During the Treaty Port Era, foreign residents in Yokohama settled high up in the Yokohama Hills, which they called The Bluff. Here also was to be found the major foreign consulates of the various Great Powers with trading interest in the city.
Today, the area is known as Yamate, or the Yamate Bluff, and still clings on to an air of foreign-ness and history, feeling not unlike a small (American) hill town somewhere in Maine or Massachusetts, by virtue of the handful of historic buildings that still exist and were built in a very consciously American style.
All of the treaty-port era (1859 – 1899) buildings were destroyed in the aftermath of the Great Kanto Earthquake in 1922, and so almost everything remains today post-dates that terrible disaster.
The exception is the Foreigner’s Cemetery, which still holds the graves of many a Yokohama resident that made his or her home here, halfway across the world from America and Europe.
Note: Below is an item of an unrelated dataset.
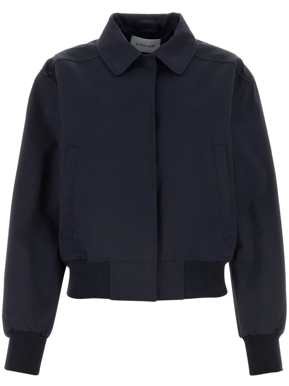 waterproof cotton jacket Highlights - Navy blue - Cotton - Waterproof - Concealed front fastening - Classic collar - Long sleeves - Two side welt pockets - Ribbed cuffs and hem Made in Italy Composition Lining: Cupro 100% Outer: Cotton 100% Washing instructions Dry Clean Only
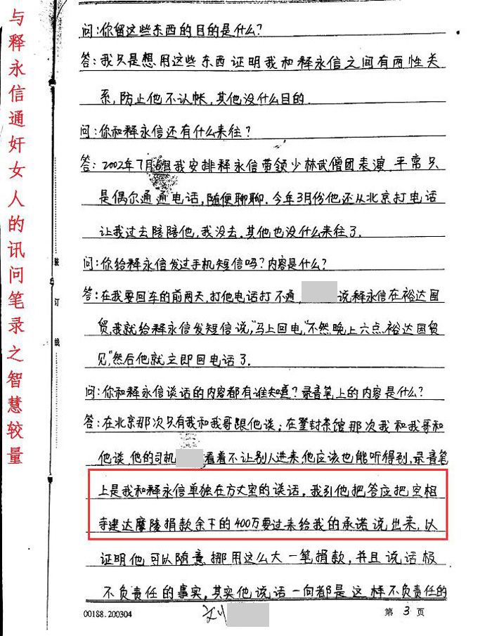 笔录材料显示,在后期谈判过程中,刘某某曾要求释永信答应把空相寺建达摩陵的捐款剩下的400万给她,并说出来。而刘某某用录音笔录下了释永信的话。

The cemetery is organised like a miniature foreign settlement, with French, British, Dutch and Russian areas clearly marked out.
With its panoramic view of Yokohama, the cemetery is the perfect spot for a moment of poignant contemplation.
This walk begins at the site of the former French Consulate, crosses over to the Foreign Cemetery and the former British Consulate before winding its way across the Yamate Hills to end at the site of the former Italian Consulate.

The Yamate Museum was a private residence built in 1909, making it the only Western-style residence from the Treaty Port era that survives today.

The Yamate Tennis Museum sits in the former Tennis club grounds, and was the place where tennis was first introduced to the city.

Yamate was and is still home to a handful of international and local schools, this being one of them.